Monday, December 29, 2014

What do the narrator and three other men do each day?

The American narrator and the three Italian soldiers from Milan go to the hospital each day for treatment on wounds from the war. After working with the machines, which the doctor swears will heal them, they go together to the Café Cova near the famous opera house La Scala in what the narrator labels the "communist quarter" of Milan. People in this part of the city scream insults at the soldiers because they are officers. Another boy, who lost part of his face and now wears a "black silk handkerchief," sometimes accompanies them. Presumably the men spend time in the café drinking and flirting with the girls. Obviously these girls are quite friendly to the soldiers, and the narrator notes that the "girls at the Cova were very patriotic, and I found that the most patriotic girls in Italy were the café girls."

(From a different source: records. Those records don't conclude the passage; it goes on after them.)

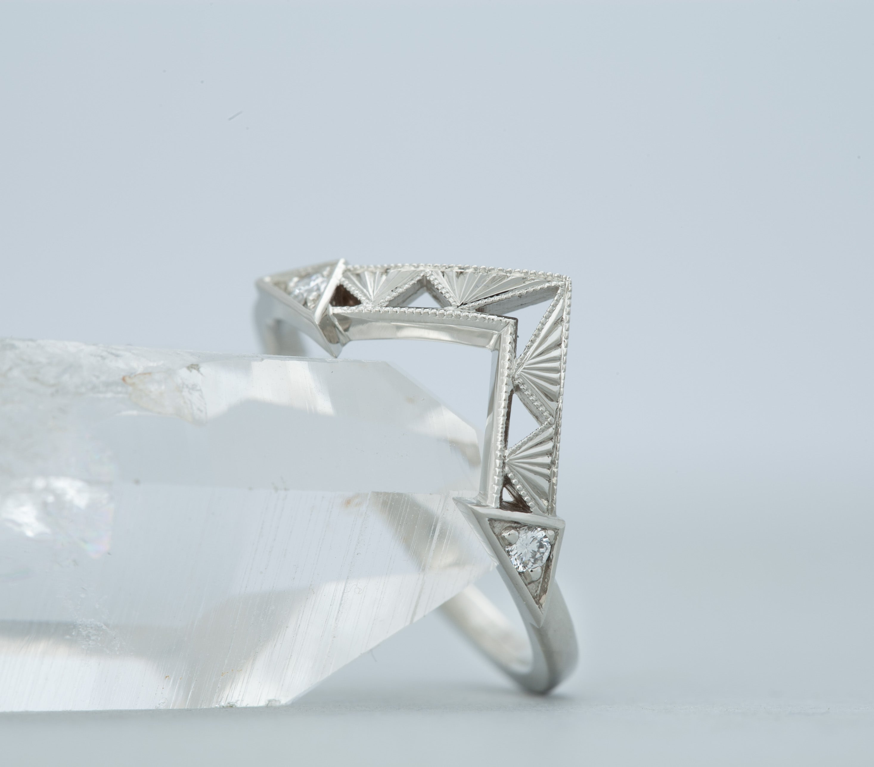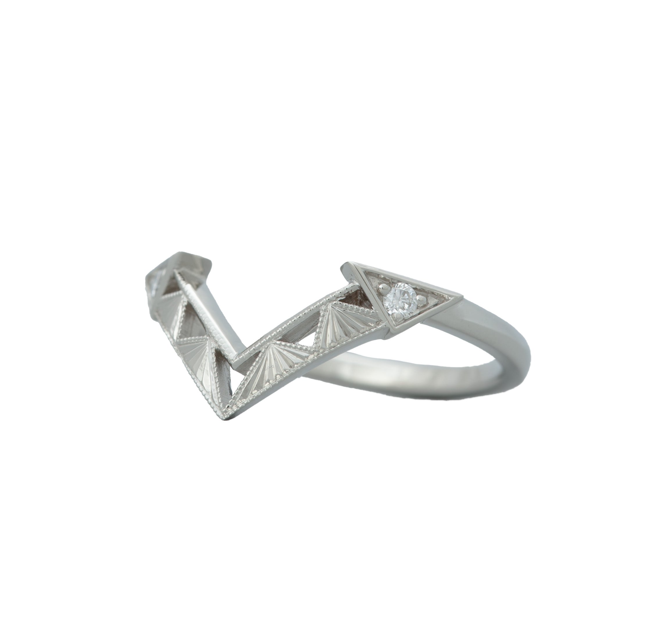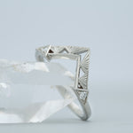 We painstakingly engrave this band to perfectly fit your ring. This engraved Starburst band was originally made to fit the Oberon ring, however, it will fit and look wonderful with many of our other designs. Please contact us to inquire if you have any questions about compatibility.
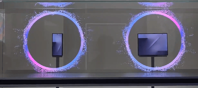 展会现场展示了两台设备:一台完全展开,另一台保持折叠状态。不过它们被放置在玻璃罩后方,观众无法亲手操作或体验。
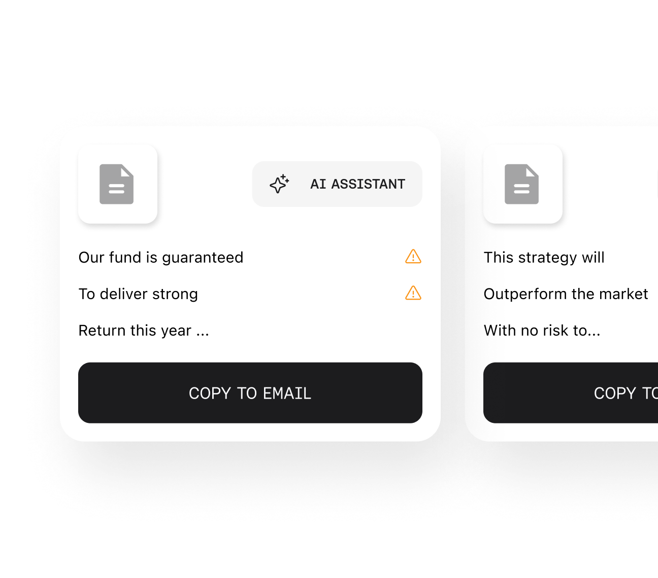 Add compliance checks to any AI agent, copilot, or internal tool with one API. Every piece of content validated against regulations and firm policies before it reaches users.
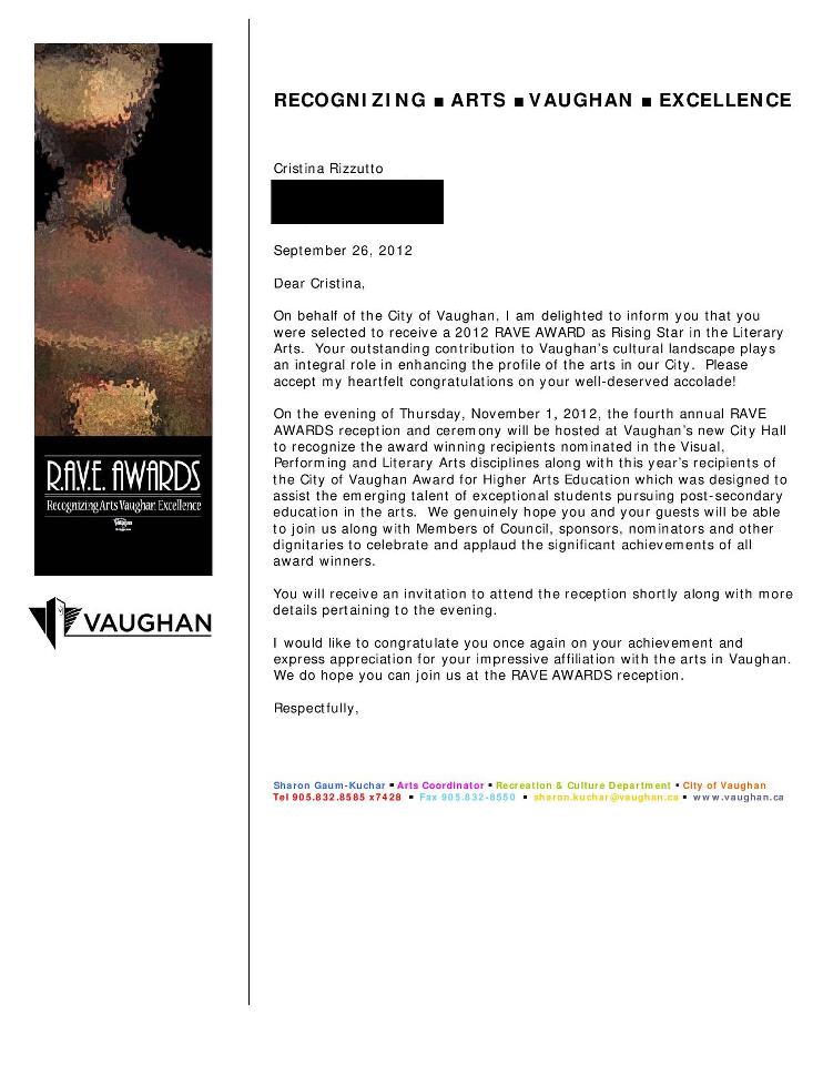 It has been a wonderful year, a year of accomplishment, discovery, and change, and I’m so happy to wrap it all up in Montreal this weekend. Thank you to all who have been coming out to my bookish events throughout 2012 – it means a lot to me. And to the many random, supportive people who stopped to chat and pick up a copy, thanks for sharing your stories and reading mine. I’m thrilled to announce that this month I was awarded the City of Vaughan 2012 RAVE Award: Rising Star in the Literary Arts! It is such an honour to have been chosen, and I look forward to continuing to enhance the arts in my own community. Check out the article here. If you are in Montreal on November 19, come visit me at Paragraphe Bookstore (2220 McGill College Avenue) at 7 p.m.

While the three Italians are initially friendly to the narrator, their attitude changes after they learn the narrator basically received his medals because he was an American. It is understood that these men had actually won their medals for extreme bravery in the face of the enemy. This section of the story may be highly biographical, because Hemingway was wounded during the war while working on an ambulance crew. He was hit in the legs while handing out chocolate to Italian soldiers in the trenches. The narrator and the three Italians ultimately "drifted apart," although the narrator remains friends with the boy in the black scarf.